COL6A3 Das Double-Nickase-Plasmid (h) besteht aus einem aufeinander abgestimmten Plasmidpaar, das für die hochspezifische Bearbeitung des COL6A3-Lokus in human-Zelllinien entwickelt wurde. Jedes Plasmid exprimiert eine Cas9-D10A-Nickase und eine spezifische sgRNA, die auf entgegengesetzte DNA-Stränge innerhalb von COL6A3 abzielt. Wenn sie auf benachbarte Stellen auf entgegengesetzten DNA-Strängen gerichtet sind, erzeugen die beiden Nickasen versetzte Einzelstrang-Schnitte, die zusammen einen versetzten Doppelstrangbruch erzeugen, was eine koordinierte On-Target-Aktivität beider Guides erfordert. Der resultierende DNA-Bruch wird durch endogene zelluläre Reparaturwege behoben, meist durch nicht-homologe Endverknüpfung (NHEJ), was zu Insertionen oder Deletionen führt, die die COL6A3-Funktion stören.
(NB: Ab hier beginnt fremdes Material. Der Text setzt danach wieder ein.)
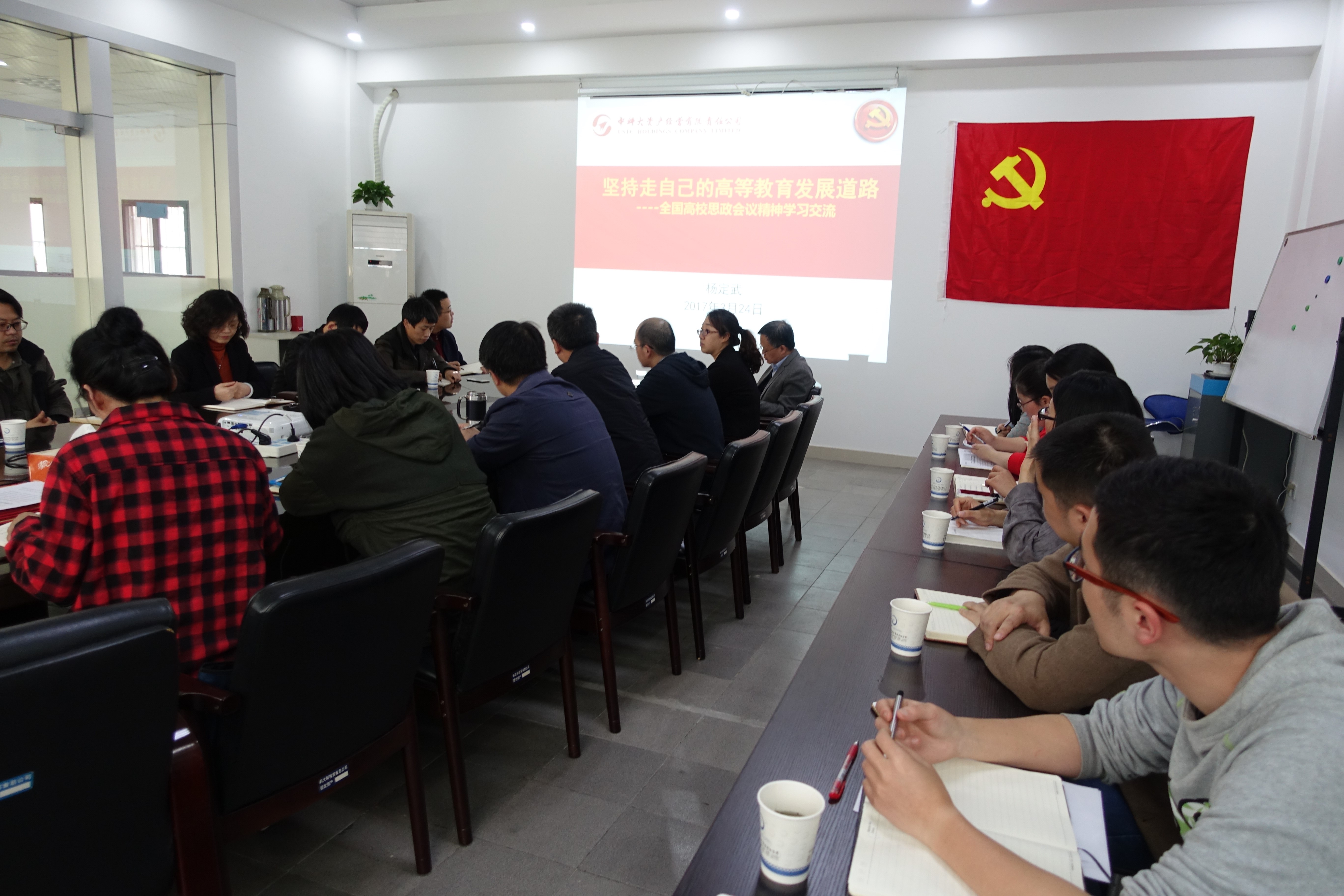 总支书记杨定武以《坚持走自己的高等教育发展道路——全国高校思政会议精神学习交流》为标题,带领大家学习习近平总书记在全国高校思想政治工作会议精神。

Durch die Notwendigkeit einer doppelten sgRNA-Bindung am Zielort erhöht der Doppel-Nick-Ansatz die Spezifität der Bearbeitung und bietet eine komplementäre CRISPR-Strategie für Anwendungen, bei denen eine zusätzliche Kontrolle über die Zielgenauigkeit gewünscht ist.
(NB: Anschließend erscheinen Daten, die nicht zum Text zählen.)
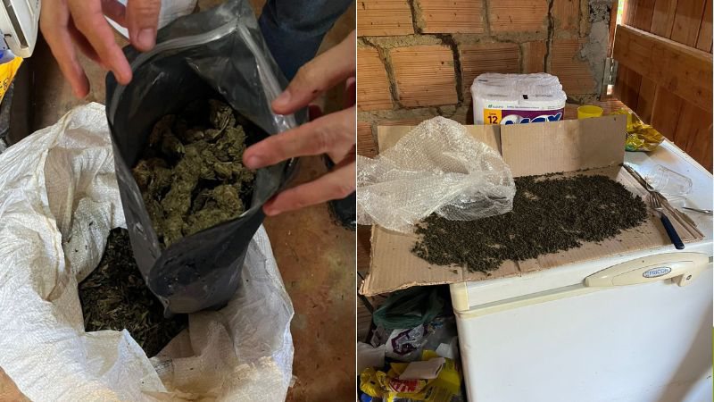 Durante a ação, três homens que faziam a segurança da propriedade atiraram contra os policiais e fugiram. Ninguém ficou ferido. Foram apreendidos mais de meia tonelada de maconha, 65 munições calibre .380, um carregador de pistola municiado, além de balanças de precisão, prensa, dichavadores e outros instrumentos comumente usados no narcotráfico. Também foram encontrados uma máquina de lavar e um freezer, utilizados na preparação da maconha conhecida como ice, e uma produção de skunk, variedade mais potente da droga.

Um eine effiziente Identifizierung editierter Zellen zu unterstützen, kodiert ein Plasmid GFP zur fluoreszierenden Visualisierung transfizierter Populationen, während das Begleitplasmid ein Puromycin-Resistenzgen für die Antibiotika-Selektion trägt. Zusammen unterstützen diese Merkmale eine effiziente Anreicherung co-transfizierter Populationen und vereinfachen die Validierung von Klonen mit COL6A3-Störung.
Nur für Forschungszwecke. Nicht für diagnostische oder therapeutische Zwecke bestimmt.